By failing to distinguish between these two phases of antislavery activism, historians have obscured how debates over slavery were adapting to the so-called market revolution.2 Far from the last gasp of a discredited movement, Tennessee antislavery activity of the 1830s was undergoing a renaissance. That renaissance drew on nonslaveholders' fears that the emerging planter elite was establishing undemocratic control over the state's political and economic life, and those fears would play an important role in Tennessee politics long after 1834.

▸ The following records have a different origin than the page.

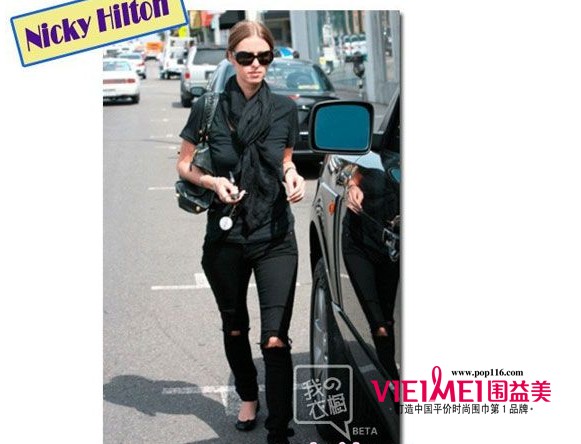 Nicky Hilton(妮基-希尔顿),从头到尾的黑色丝毫不显沉闷。细节的处理让搭配看上去十分舒服。 Sienna Miller穿衣向来受到大家追捧,豹纹的围巾随意的围在脖子上,把原本看似平凡的黑白短袖T衬托的有模有样。墨镜的
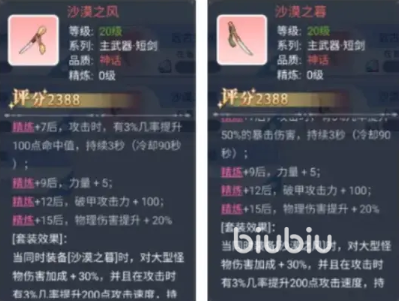 在获得后开启就有概率开出神话品质装备,其中就有沙漠之幕和沙漠之风这两把神话短剑。之后是第二种获取途径,也就是拿副本的mvp获得,在游戏中大家会看到一些有装备掉落的副本,这些副本有的是会掉落随机神话装的。
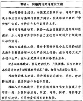 中央网信办、文化部、新闻出版广电总局要根据本规划纲要,抓紧制定本领域的专项规划,报中央文化体制改革和发展工作领导小组批准后实施。国家发展改革委、财政部、国土资源部、商务部、税务总局等要按照职责分工,切实落实有关政策,做好各项重点工程的实施和保障。中央文史馆、国务院参事室等相关部门要积极发挥作用。各地要结合实际,编制好本地区文化发展改革规划。各地区各有关部门要加强对本规划纲要实施情况的跟踪分析和监督检查,推动各项任务措施落到实处。
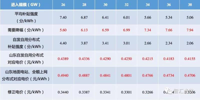 2)假設(shè)一個(gè)進(jìn)入盤子的規(guī)模,就可以獲得一個(gè)平均的補(bǔ)貼強(qiáng)度;以加權(quán)平均0.13元/kWh為基礎(chǔ),從而獲得平均的補(bǔ)貼降幅;

The organized antislavery movement emerged in Tennessee after the War of 1812, which initially helped to galvanize its supporters. The Tennessee Manumission Society, the state's first antislavery organization, was founded in 1815 following favorite son Andrew Jackson's victory in New Orleans. The year marked the triumph of a new republicanism as well as a new nationalism, a time for Americans to recommit themselves to the nation's founding ideals.3 "Freedom is the natural right of all mankind," the Manumission Society's [End Page 6] constitution proclaimed, demanding nothing less than for the new nation to live up to the principles expressed in its Declaration of Independence.4
It seemed like a perfect time for the antislavery societies to start. Over the next decade, the Tennessee Manumission Society established twenty-five branches with over a thousand total members, second in number only to North Carolina.5 The state led the antislavery press as well. During the Missouri Crisis of 1819–20, an East Tennessee Quaker named Elihu Embree established the nation's first newspaper devoted exclusively to ending slavery. Almost immediately, his Emancipator became the most widely circulated publication in Tennessee and Kentucky and had subscribers in nearly every state of the Union.6 When Embree died unexpectedly in late 1820, one of his admirers, Benjamin Lundy, took up the cause by moving to Tennessee and establishing The Genius of Universal Emancipation. In 1821, one East Tennessean lauded the state's increased antislavery consciousness. "Is not the veil which avarice and cupidity have drawn around our senses, gradually vanishing?" he asked. "Is not the monster of cruelty beheld more generally in his native form? We hail the increase of this sentiment as the beginning of auspicious consequences both to ourselves and to the unfortunate sons of Africa."7
The early activists' main arguments stemmed from two strands of thought. First, they drew on Christian idealism. Most Manumission Society leaders were ministers in the Quaker, Baptist, Methodist, and Presbyterian churches, and they regularly framed antislavery arguments in Christian language. "Are not Africans and their descendants...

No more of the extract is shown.